Most of the recent success of computer vision algorithms has come from deep learning and the ability to fit more and more complex functions. Deep learning is what most self-driving cars use today to detect objects of interest while driving. Turns out however that these algorithms aren’t really generalizable. François Chollet, the creator of Keras, exemplifies this perfectly with the following tweet:
We haven’t been working on self-driving for 10+ years because we feel like it. It’s because we’re trying to collect as many “edge cases” as we can in our datasets until we feel comfortable enough leaving it up to the cars.
While this is best exemplified with self-driving cars, this limitation exists with virtually every application of computer vision. Teams across industry sometimes assume some of these algorithms to be magic and automatically generalize. This is a myth and it’s a dangerous one. Self-driving car companies are some of the most well-funded companies and still have these issues.
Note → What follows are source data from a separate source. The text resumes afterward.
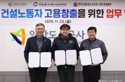 (중앙뉴스타임스 = 방재영 기자) 안산도시공사는 한국노총 경기본부 안산지역지부, 한국건설산업노동조합 서경인총괄본부와 업무협약을 맺었다고 4일 밝혔다. 지난 3일 체결된 이번 협약은 안산도시공사가 참여하는 장상, 의왕·군포·안산 등 3기 신도시 건설사업을 통해 지역 건설노동자에게 양질의 일자리를 제공하고, 지역경제를 활성화하기 위해 마련됐다. 협약에 따라 안산도시공사는 지역 내 건설사업을 적극 발굴·추진하고, 지역 건설노동자의 고용 확대에 기여할 방침이다. 한국노총 안산지부와 한국건설산업노동조합 서경인총괄본부는 건설사업에 필요한 노동력을 안정적으로 공급하고 사업이 원활히 추진될 수 있도록 전방위적으로 협력할 예정이다. 세 기관은 아울러 향후 협약 내용을 기반으로 정기적인 소통과 협력체계를 유지하며, 지역 건설노동자의 근로환경 개선을 위해 적극 협력해 나갈 계획이다. 방운제 한국노총 안산지부 의장은 “이번 협약은 공공기관과 노동계가 함께 손잡고 고용 안정과 지역 상생을 도모하는 좋은 사례가 될 것”이라고 말했다. 이한서 한국건설산업노동조합 서경인총괄본부장 또한 “협약을 통해 건설노동자의 고용 불안과 근로환경의 리스크를 완화하고, 보다 안정적인 일터를 조성할 수
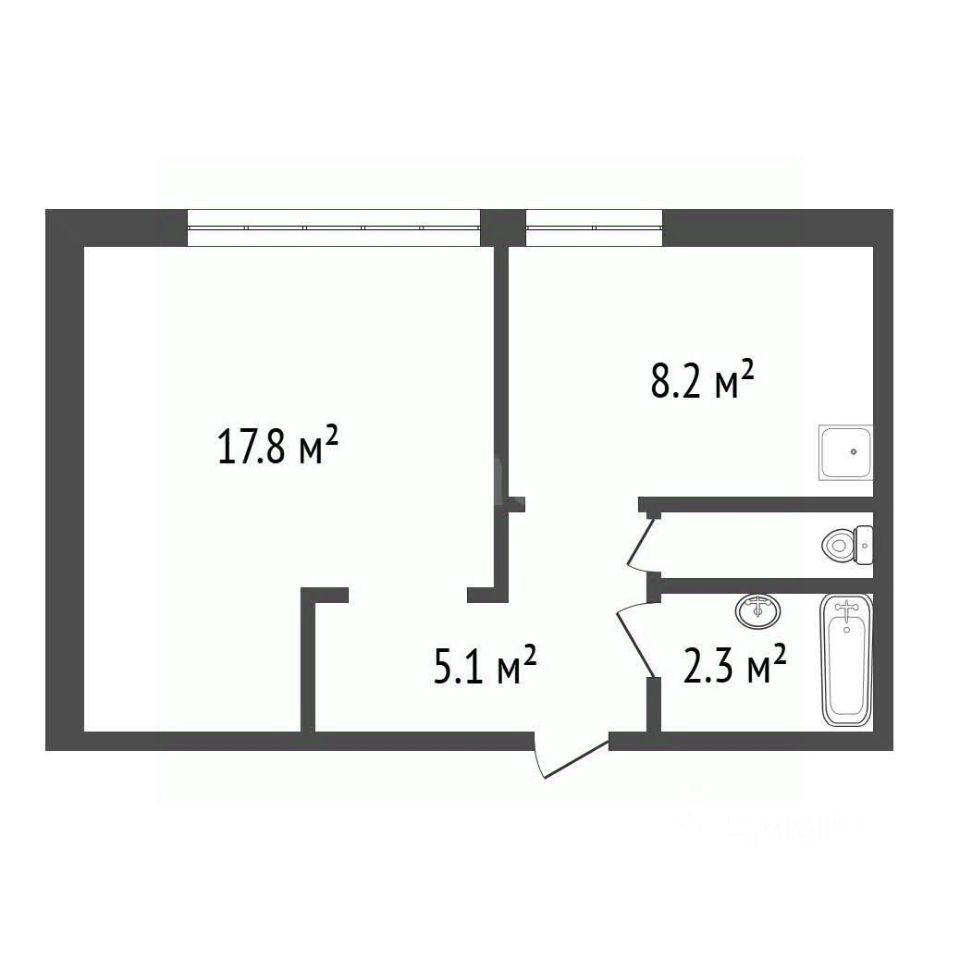 Общая площадь составляет 34.6 кв.
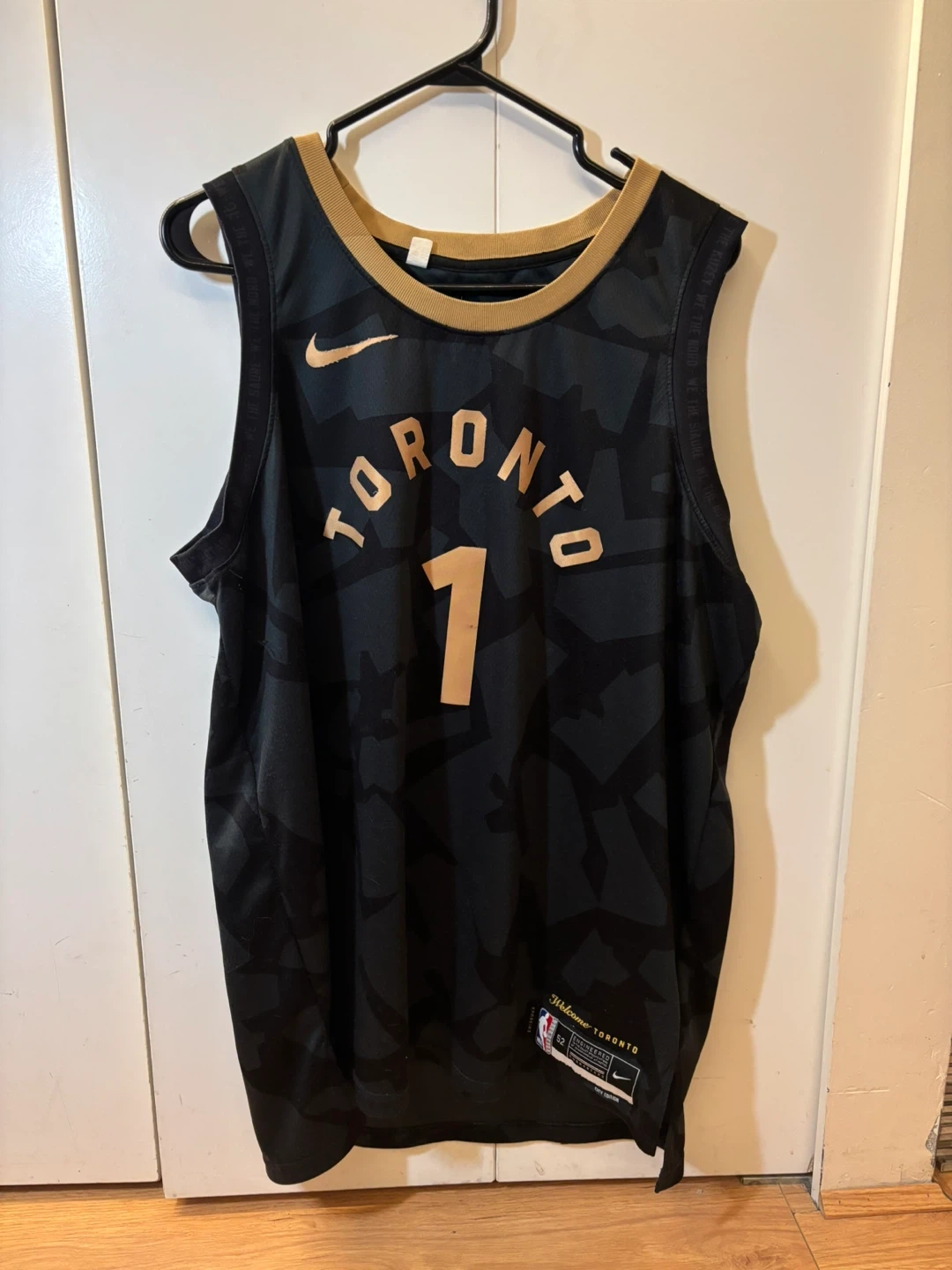 Selling a Nike Toronto Raptors City Edition jersey in size XL. It's in great condition and features the 'Welcome Toronto' design. Perfect for any Raptors fan!
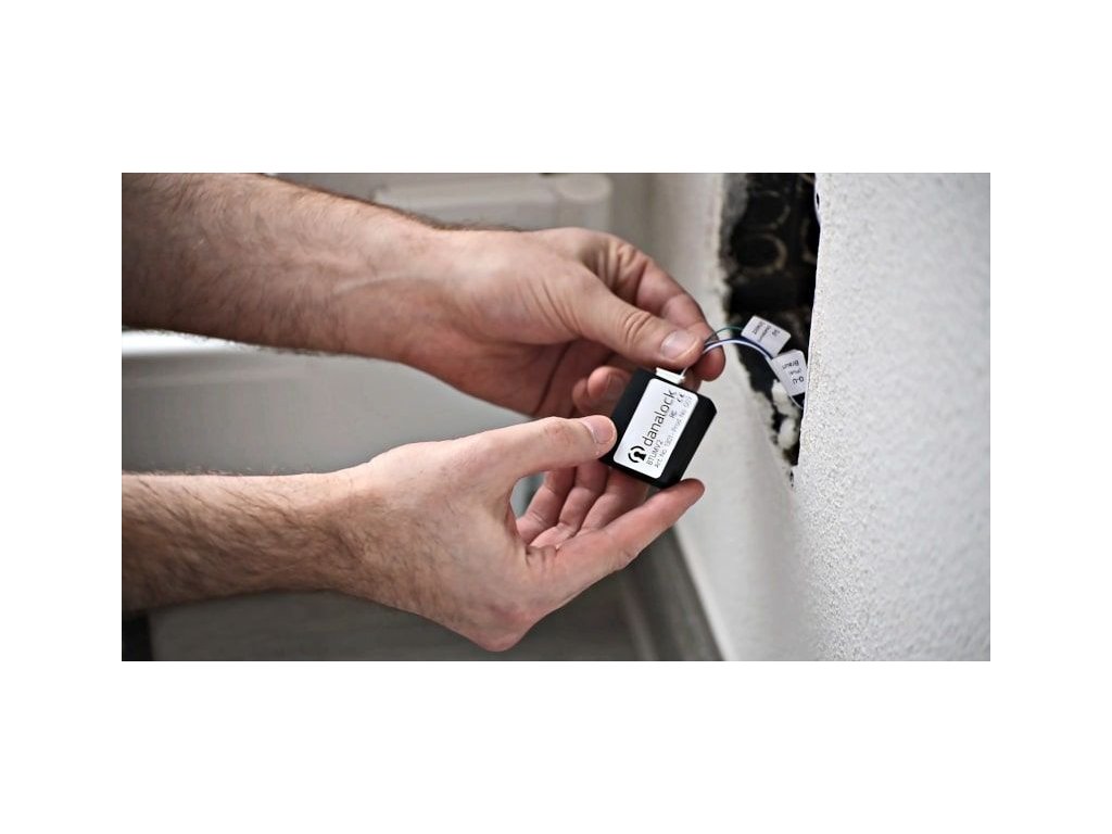 Unitatea conectată la un modul universaldeschideți ecranul telefonului cu o singură atingere. După instalarea în distribuția electrică, modulul este suficientpentru a asocia o dată cu aplicația. Controlați și verificați deschiderea/pornirea prin aplicația Danalock.
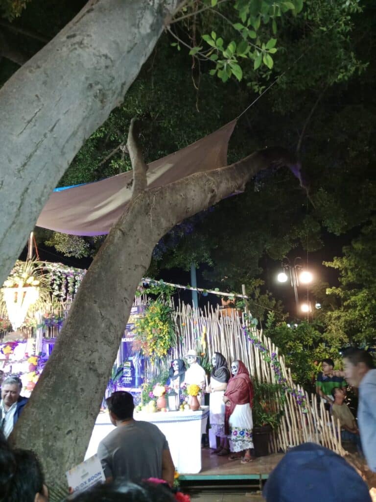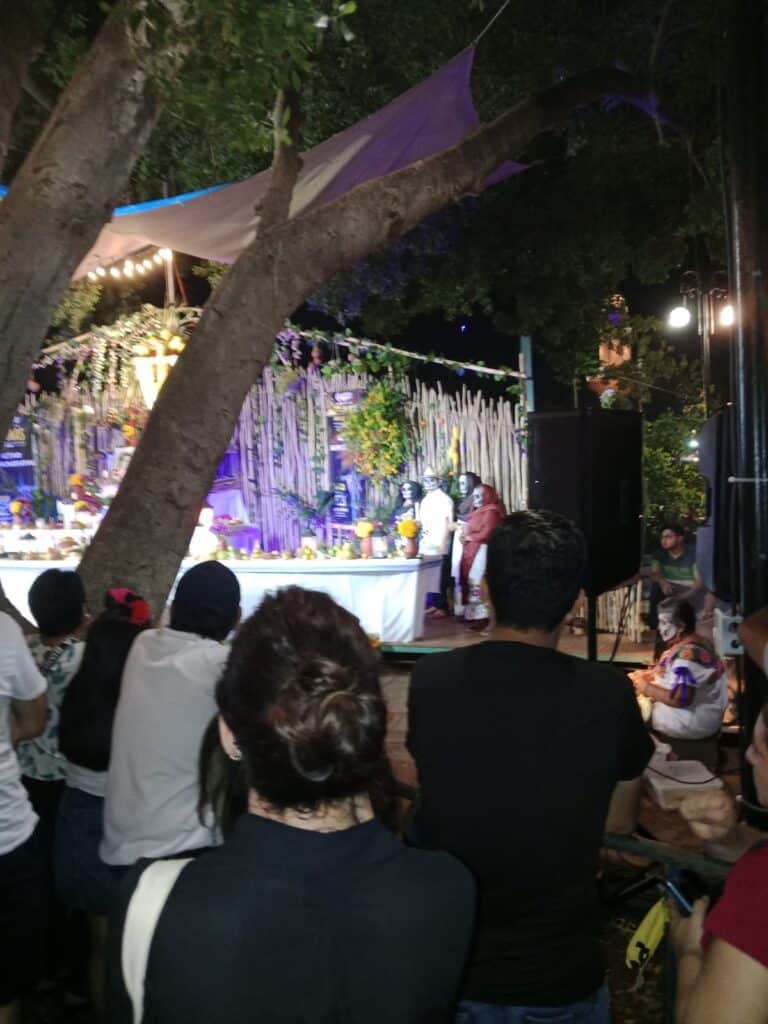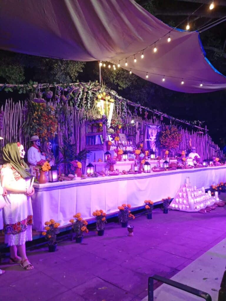 “Hoy es una noche muy especial para todos los que habitamos esta ciudad. Este altar monumental está profundamente ligado a la tradición maya, con elementos que reflejan el sincretismo entre la cosmovisión ancestral y la fe judeocristiana. Es un altar distinto, con tres niveles que representan el inframundo, el mundo y el espacio de los dioses.”

Imagine the mistakes a smaller, scrapier team might make.
There are two important takeways from the above.
- Computer vision models aren’t generalizable.
- Few teams have the resources necessary to follow best-practices when building these models.
Computer vision models aren’t generalizable
Earlier in this post, we’ve seen examples of how computer vision algorithms break down, even when built by the most qualified and well-equipped teams. This is an artifact of model performance which can be attributed to the following two factors:
- Building the right datasets to train models on
- Properly evaluating real-world performance of models
Building the right datasets to train models on involves amazing label quality in the case the problem is supervised and a way to pick which data to actually label and then train the model on. Models can struggle from things like data drift and catastrophic forgetting. Given that our datasets are always a different distribution from the real-world who’s distribution constantly changes and may under-represent certain scenarios / edge-cases which may be important to our use-case, we must be wary of these issues. Methods such as active learning are being more widely used by teams like Autopilot at Tesla and are being integrated into services like Scale and Aquarium Learning to make it easier for other teams to do the same.
There is still a lot of active work happening in this space however with some contreversy around whether active learning works better than random sampling and figuring out at which point we can say these models are actually ready.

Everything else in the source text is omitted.